ASSIGNMENT: In the entries below, find the line with "ਉਨ੍ਹਾਂ ਦੇ ਪਹੁੰਚਣ" and the line with "点评: 这张海边日出摄影作品在色彩、构图、意境上都极具亮点,具体可从这几个维度点评: 1."; reproduce those two lines and all lines between them exactly, without pictures.

PROVIDED DATA:
•••••
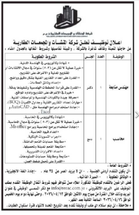 فرص عمل في الأردن لمهندس مدني ومحاسب لدى شركة عقارية، وظائف إدارية وهندسية بخبرة متوسطة ضمن بيئة احترافية
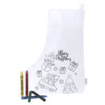 Valgest RPET-materjalist jõulusokk lõbusate pühadejoonistustega, mida saab värvida. Komplektis 5 värvipliiatsit ja riputusriba
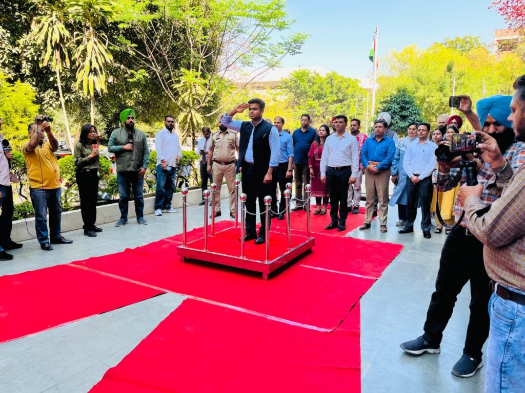 ਉਨ੍ਹਾਂ ਦੇ ਪਹੁੰਚਣ ‘ਤੇ, ਜੈਨ ਦਾ ਜ਼ਿਲ੍ਹਾ ਪ੍ਰਸ਼ਾਸਨ ਕੰਪਲੈਕਸ ਵਿਖੇ ਪੰਜਾਬ ਪੁਲਿਸ ਦੀ ਇੱਕ ਟੁਕੜੀ ਦੁਆਰਾ ਰਸਮੀ ਗਾਰਡ ਆਫ਼ ਆਨਰ ਨਾਲ ਸਵਾਗਤ ਕੀਤਾ ਗਿਆ।
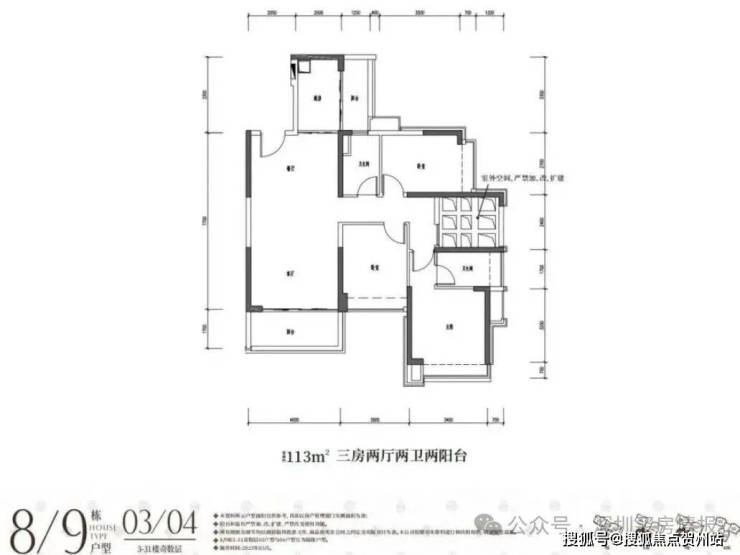 113平3房2卫(客厅开间4米)
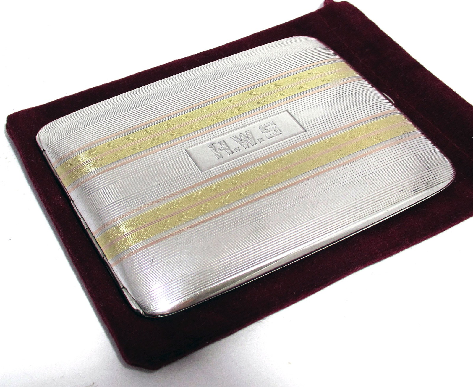 Lovely 3-Tone 14K Gold & Rose Gold Sterling Silver Slim Design Cigarette Holder Vesta Box Business Credit Card Case American Elgin Am Mfg Co
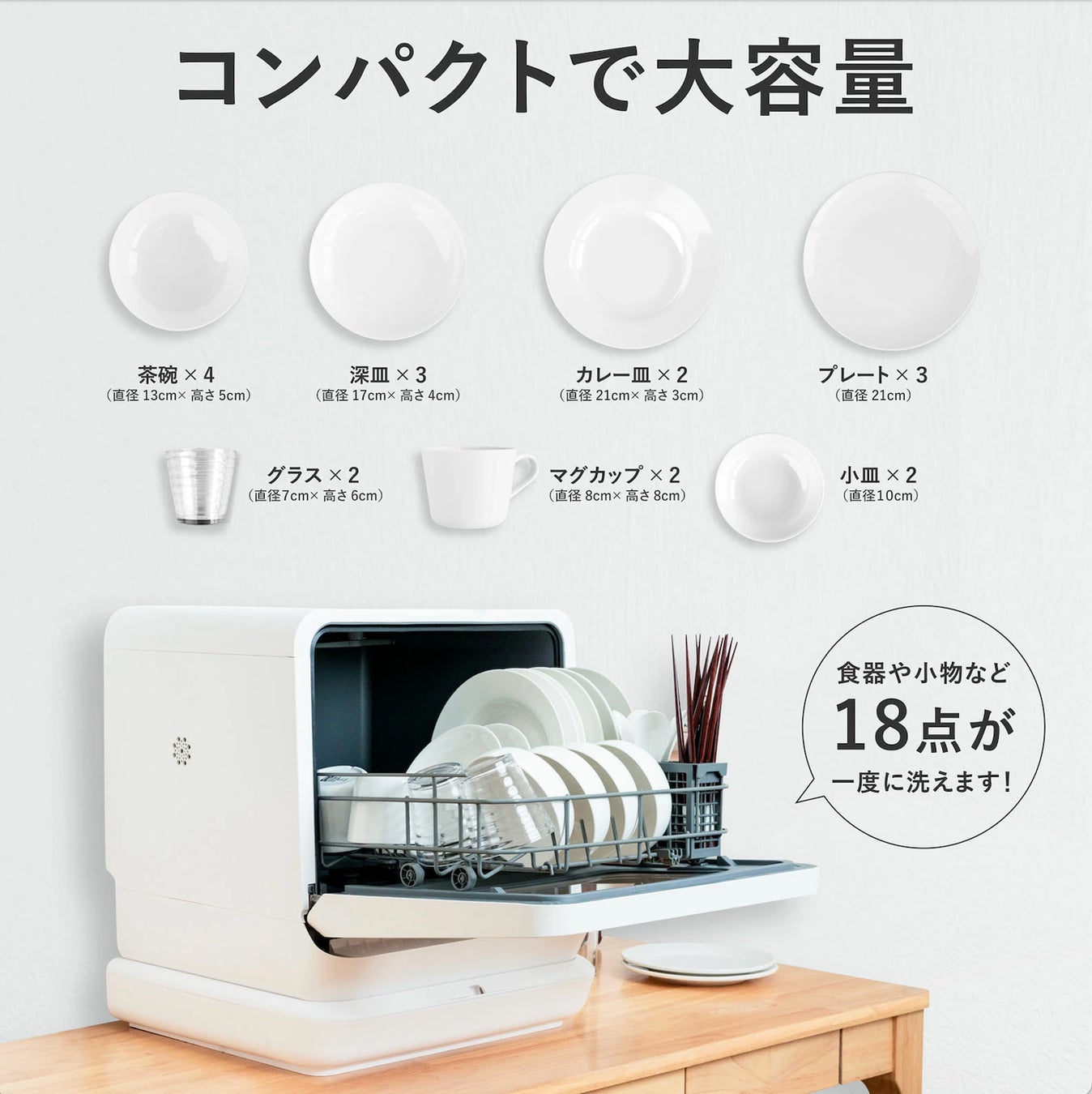 商品設置が非常に簡単で、届いた日から利用できます。キッチンのスペースに余裕がない場合でも非常に便利です。 水道用給水ホースも同梱されており、分岐水栓にも対応可能です。18点(2-3人分)の食器または最大直径30cmの食器を一度に洗える大容量を持っています。これにより、一人暮らしから3人の家族の方まで、様々なニーズに対応できます。また、6つの異なる洗浄コースによって食器を全方位から効率的に洗浄します。熱風乾燥機能も搭載しており、食器の洗浄後に、食器を濡れたままにせず、臭いやカビを除去し、結露を防ぐことができます。
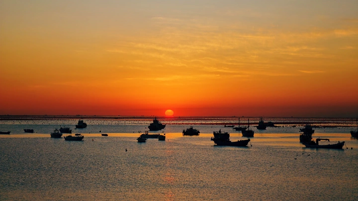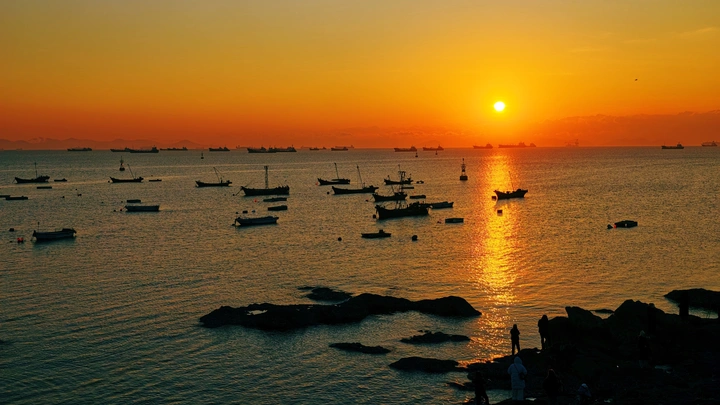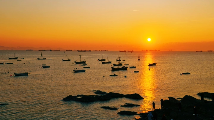 这是在旅顺柏岚子渔村用手机拍摄的日出。 点评: 这张海边日出摄影作品在色彩、构图、意境上都极具亮点,具体可从这几个维度点评: 1. 色彩层次:画面以橙红到金黄的暖色调渐变为主,日出的赤红与海面的蓝调形成强烈冷暖对比,光影在水面铺展出鎏金般的质感,色彩饱和度与过渡自然,营造出浓郁的氛围感。 2. 构图巧思:采用水平式构图,海平面将画面分割为天空与海面两大板块,视觉平衡且舒展;渔船以剪影形式错落分布在海面,既打破了画面的单调,又成为视觉锚点,让宏大的日出场景多了生活的烟火气。 3. 意境营造:日出与的渔船结合辽阔的海面,勾勒出“渔舟唱晚”的诗意画面,既有自然景观的壮美,又蕴含着渔港日暮的静谧与温柔,情绪表达细腻且有感染力。 @米拍 @米拍小助手 @米拍社长 @米拍编少
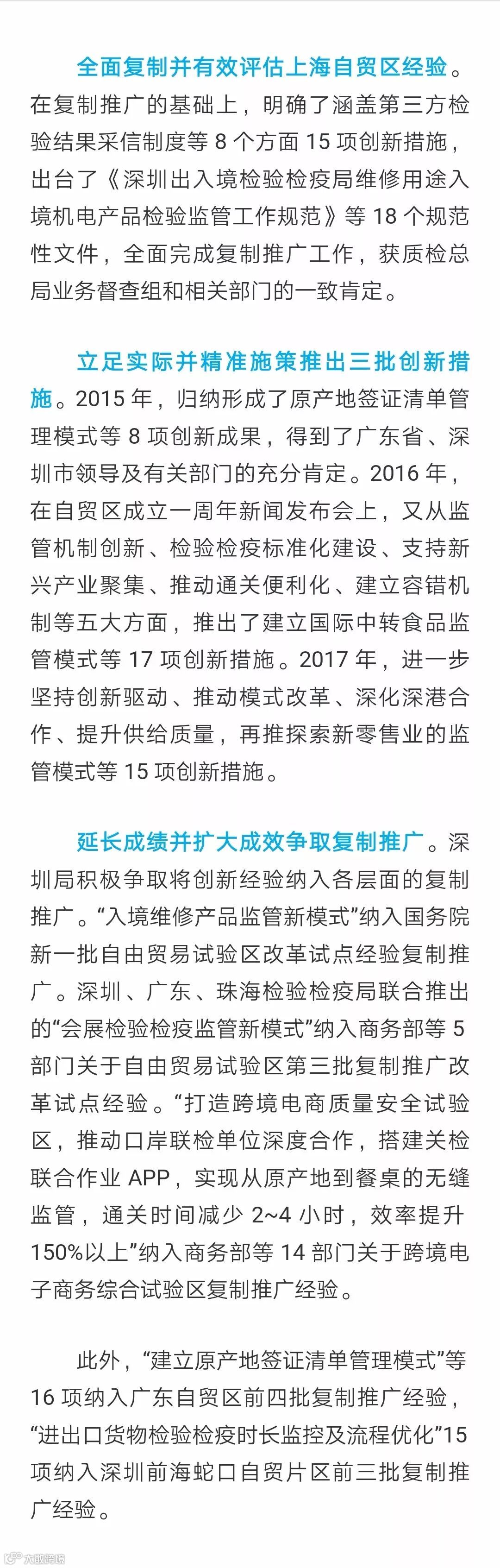 前海蛇口自贸片区成立以来,深圳检验检疫局锐意创新、大胆改革,推出了一系列支持自贸区建设服务措施,取得明显成效,为前海蛇口自贸片区发展注入了新动力。
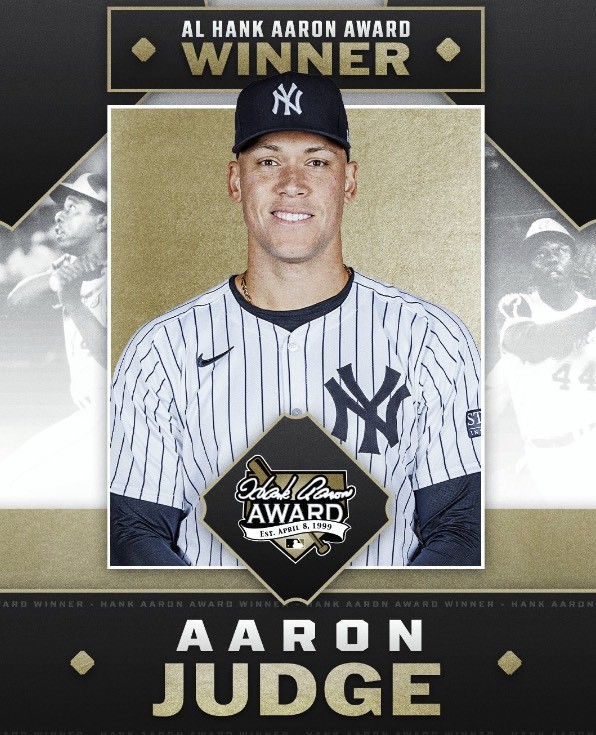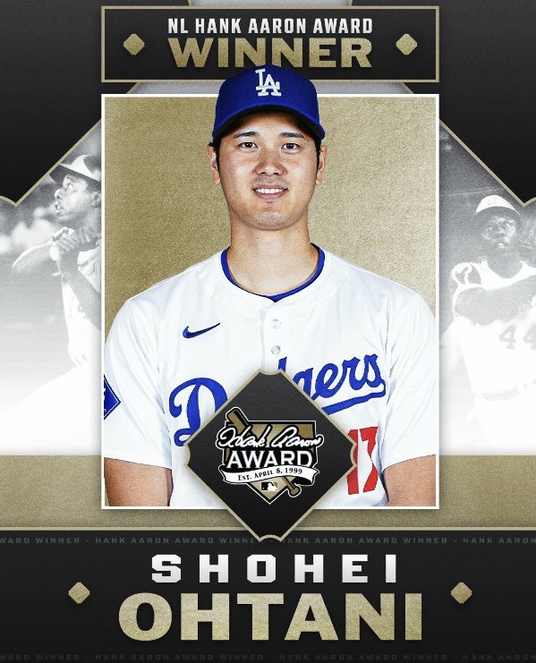 汉克-阿伦奖是美职大联盟颁给各联盟当年度最佳打者的奖项。今年大谷翔平打了159场比赛,缔造了史无前例的“50轰+50盗”纪录,打出54全垒打、59盗垒、130分打点的打击成绩,是国联全垒打、打点双冠王。
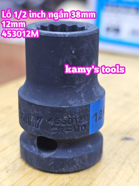 Đầu tuýp 1/2 inch bông 12 cạnh đen ngắn Kingtony 12mm model 453012M, có độ sâu sử dụng là 9mm.
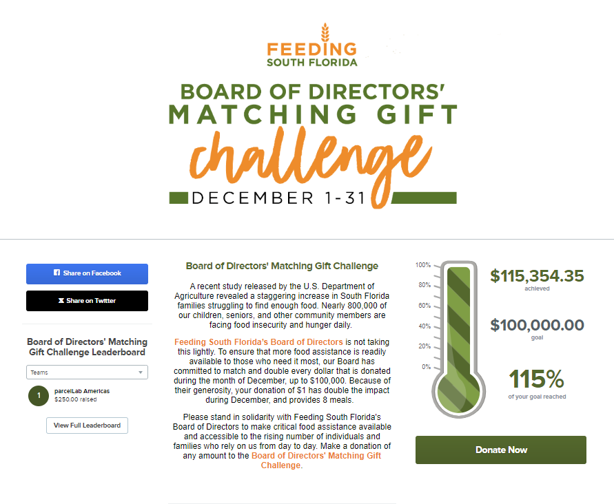 Feeding South Florida hosted a matching gift campaign in December with their Board of Directors for a successful end-of-year campaign. Your organization can adopt a similar campaign for Giving Tuesday!
•••••
OUTPUT OF THE EXERCISE:
 ਉਨ੍ਹਾਂ ਦੇ ਪਹੁੰਚਣ ‘ਤੇ, ਜੈਨ ਦਾ ਜ਼ਿਲ੍ਹਾ ਪ੍ਰਸ਼ਾਸਨ ਕੰਪਲੈਕਸ ਵਿਖੇ ਪੰਜਾਬ ਪੁਲਿਸ ਦੀ ਇੱਕ ਟੁਕੜੀ ਦੁਆਰਾ ਰਸਮੀ ਗਾਰਡ ਆਫ਼ ਆਨਰ ਨਾਲ ਸਵਾਗਤ ਕੀਤਾ ਗਿਆ।
 113平3房2卫(客厅开间4米)
 Lovely 3-Tone 14K Gold & Rose Gold Sterling Silver Slim Design Cigarette Holder Vesta Box Business Credit Card Case American Elgin Am Mfg Co
 商品設置が非常に簡単で、届いた日から利用できます。キッチンのスペースに余裕がない場合でも非常に便利です。 水道用給水ホースも同梱されており、分岐水栓にも対応可能です。18点(2-3人分)の食器または最大直径30cmの食器を一度に洗える大容量を持っています。これにより、一人暮らしから3人の家族の方まで、様々なニーズに対応できます。また、6つの異なる洗浄コースによって食器を全方位から効率的に洗浄します。熱風乾燥機能も搭載しており、食器の洗浄後に、食器を濡れたままにせず、臭いやカビを除去し、結露を防ぐことができます。
 这是在旅顺柏岚子渔村用手机拍摄的日出。 点评: 这张海边日出摄影作品在色彩、构图、意境上都极具亮点,具体可从这几个维度点评: 1. 色彩层次:画面以橙红到金黄的暖色调渐变为主,日出的赤红与海面的蓝调形成强烈冷暖对比,光影在水面铺展出鎏金般的质感,色彩饱和度与过渡自然,营造出浓郁的氛围感。 2. 构图巧思:采用水平式构图,海平面将画面分割为天空与海面两大板块,视觉平衡且舒展;渔船以剪影形式错落分布在海面,既打破了画面的单调,又成为视觉锚点,让宏大的日出场景多了生活的烟火气。 3. 意境营造:日出与的渔船结合辽阔的海面,勾勒出“渔舟唱晚”的诗意画面,既有自然景观的壮美,又蕴含着渔港日暮的静谧与温柔,情绪表达细腻且有感染力。 @米拍 @米拍小助手 @米拍社长 @米拍编少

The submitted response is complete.